→ **Work instructions**: Output the lines of the listing below exactly, starting at the line containing "An oval shaped" and stopping after the last line, with any pictures dropped.
┌──
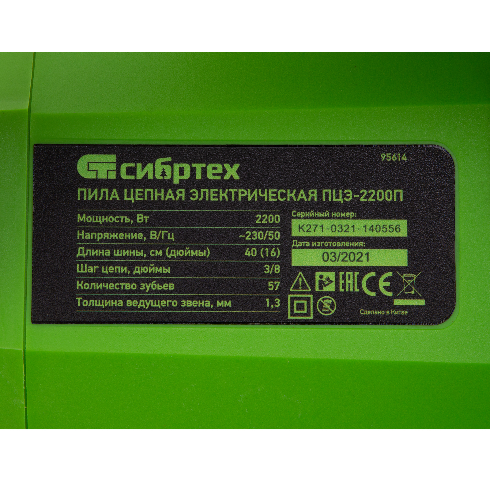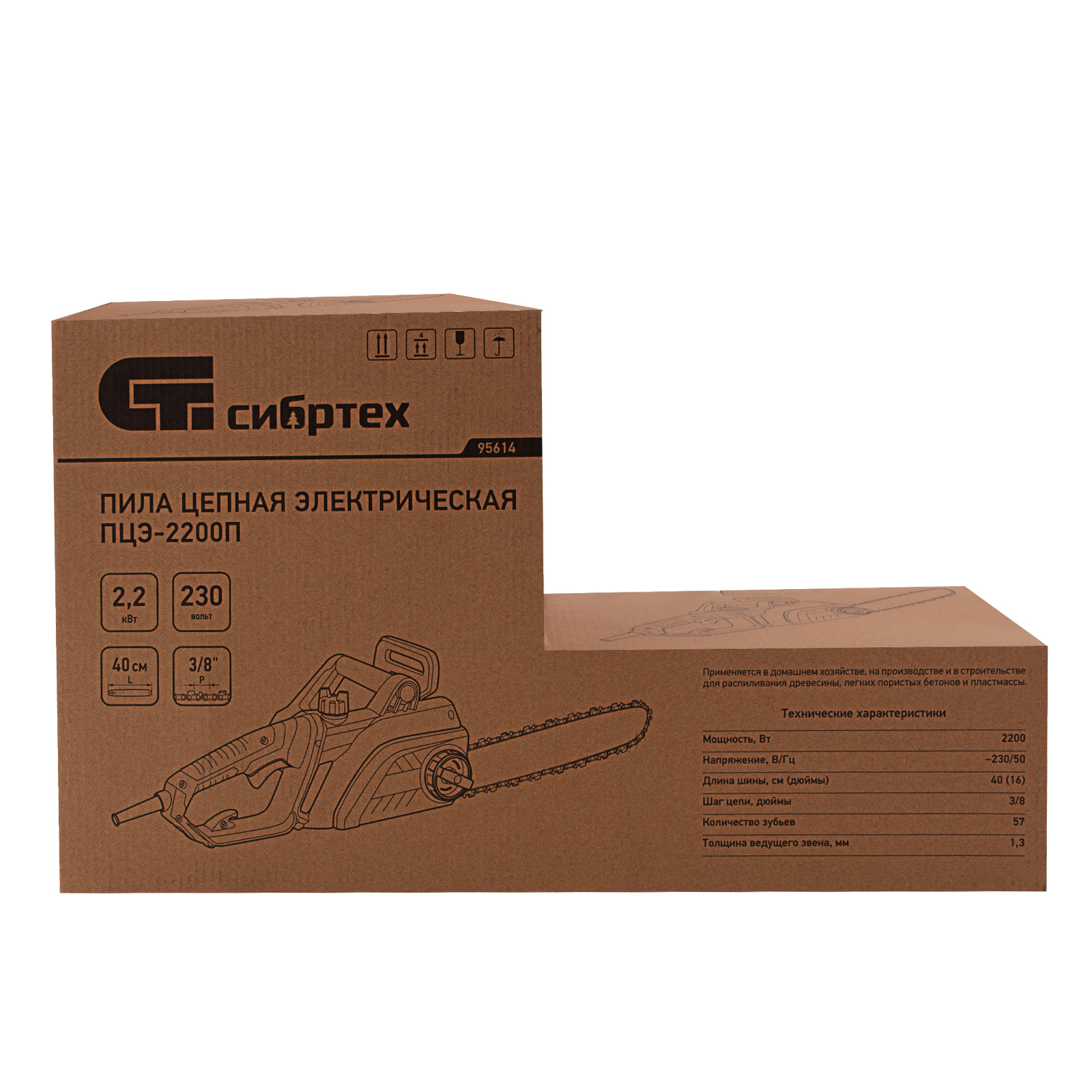 Пила цепная электрическая ПЦЭ-2200П с поперечным двигателем, 2.2 кВт, 16'' (40 см) Сибртех в Челябинске
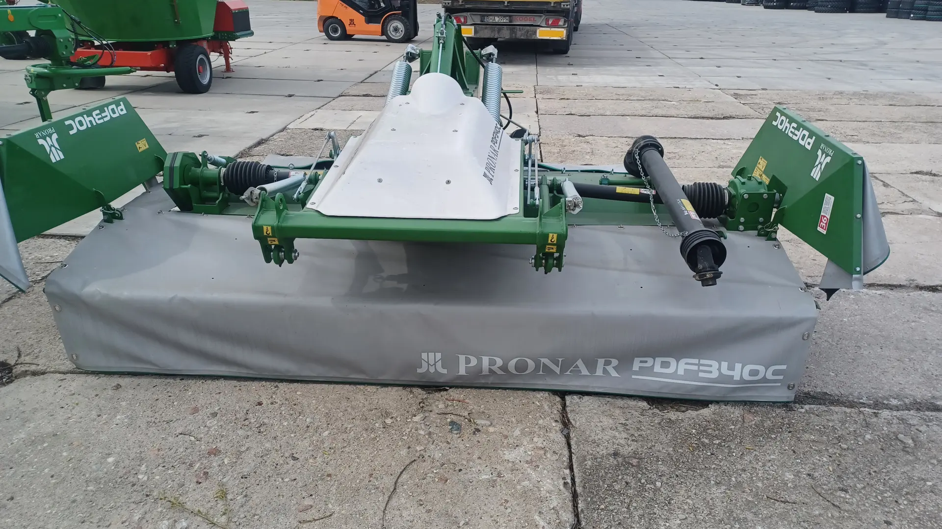 Kosiarka dyskowa PRONAR PDF340C to model kosiarki czołowej ze spulchniaczem pokosu montowanej na przednim trzypunktowym układzie zawieszenia (TUZ). Dodatkowo do obsługi wymagany jest WOM z przodu ciągnika i jedna sekcja hydrauliczna. Szerokość koszenia wynosi aż 3,4m, co wyraźnie wpływa na wydajność i zwiększa funkcjonalność maszyny. Kosiarka dyskowa PRONAR PDF340C została skonstruowana przede wszystkim z myślą o pracy na ciężkim, nierównym terenie. Jej głównym elementem jest wytrzymała i niezawodna listwa tnąca PRONAR, która została wyposażona w dodatkowy profil usztywniający umieszczony w zamkniętym korpusie listwy. Mocna konstrukcja maszyny powstała w oparciu o nowoczesne materiały i technologie produkcyjne. Bezpieczeństwo użytkowania zapewnia sprzęgło cierne przeciążeniowe 1200 Nm. W połączeniu z dużym zakresem kopiowania terenu sprawia, że kosiarka dyskowa PRONAR PDF340C poradzi sobie w każdych warunkach, zachowując przy tym doskonałą jakość cięcia. Wydajność koszenia, przy prędkości 10km/h, wynosi 3,4 ha/h. Do napędu kosiarki dyskowej PRONAR PDF340C wymagany jest ciągnik o mocy co najmniej 95 KM.
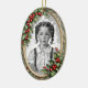 An oval shaped Christmas ornament in which your custom photo and message are framed in a beautiful vintage style holly border.
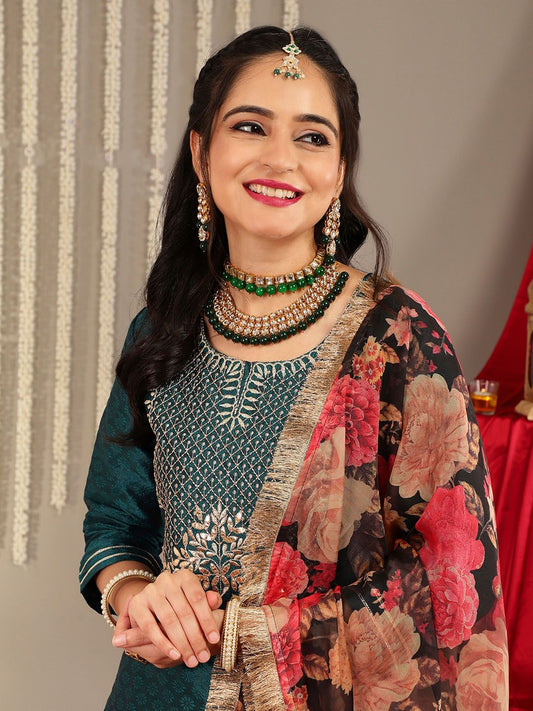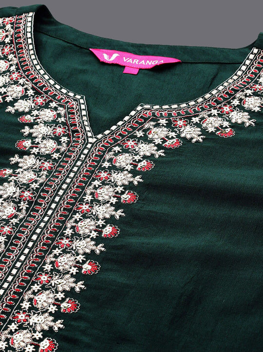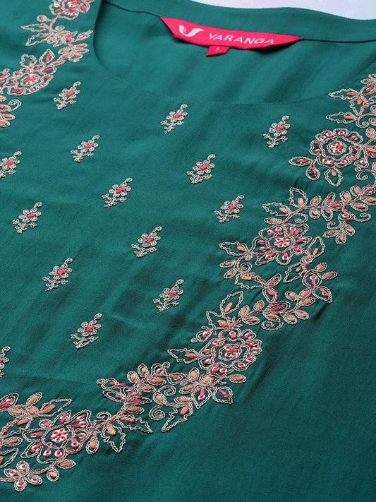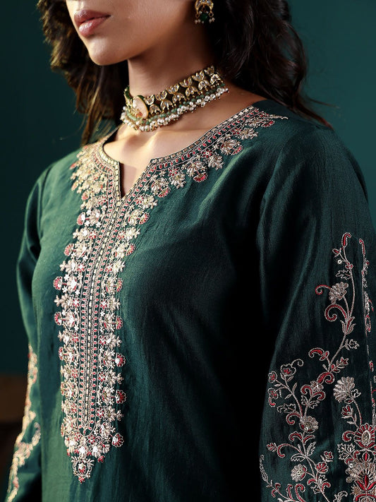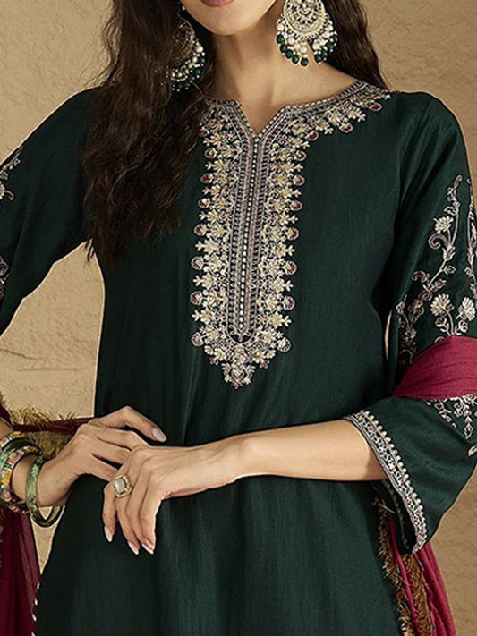 Dhiyona VA Women'sGreen Floral Embroidered Regular Sequinned Kurta With Trouser With Dupatta
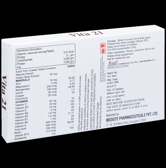Vita 21 Tablet contains the benefits of grape seed extract that help deal with venous insufficiency. This formula helps manage blood circulation and improve blood cell generation. It is also effective in improving the functions of the immune system.
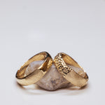 One ring is a clean, comfortable half-round gold band that is 5mm wide. The other features a 4mm wide half-round profile with a textured surface that resembles the beautiful look of coral.
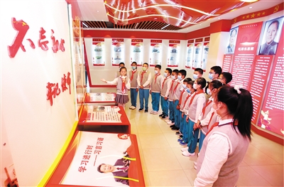 10月12日,在平城区14校的“党史红色展馆”内,少先队员们正在共同学习百年党史。该校将党史学习教育融入日常教学中,每周利用少先队队会时间,以小讲解员讲述革命故事的形式,让学生们了解党的历史和革命先辈的事迹,激发学生们的爱党爱国情怀。图为该校小讲解员正在给少先队员们讲述革命故事。 本报记者 韩堃摄
└──
→ **Response to this exercise**:
 An oval shaped Christmas ornament in which your custom photo and message are framed in a beautiful vintage style holly border.
 Dhiyona VA Women'sGreen Floral Embroidered Regular Sequinned Kurta With Trouser With Dupatta
Vita 21 Tablet contains the benefits of grape seed extract that help deal with venous insufficiency. This formula helps manage blood circulation and improve blood cell generation. It is also effective in improving the functions of the immune system.
 One ring is a clean, comfortable half-round gold band that is 5mm wide. The other features a 4mm wide half-round profile with a textured surface that resembles the beautiful look of coral.
 10月12日,在平城区14校的“党史红色展馆”内,少先队员们正在共同学习百年党史。该校将党史学习教育融入日常教学中,每周利用少先队队会时间,以小讲解员讲述革命故事的形式,让学生们了解党的历史和革命先辈的事迹,激发学生们的爱党爱国情怀。图为该校小讲解员正在给少先队员们讲述革命故事。 本报记者 韩堃摄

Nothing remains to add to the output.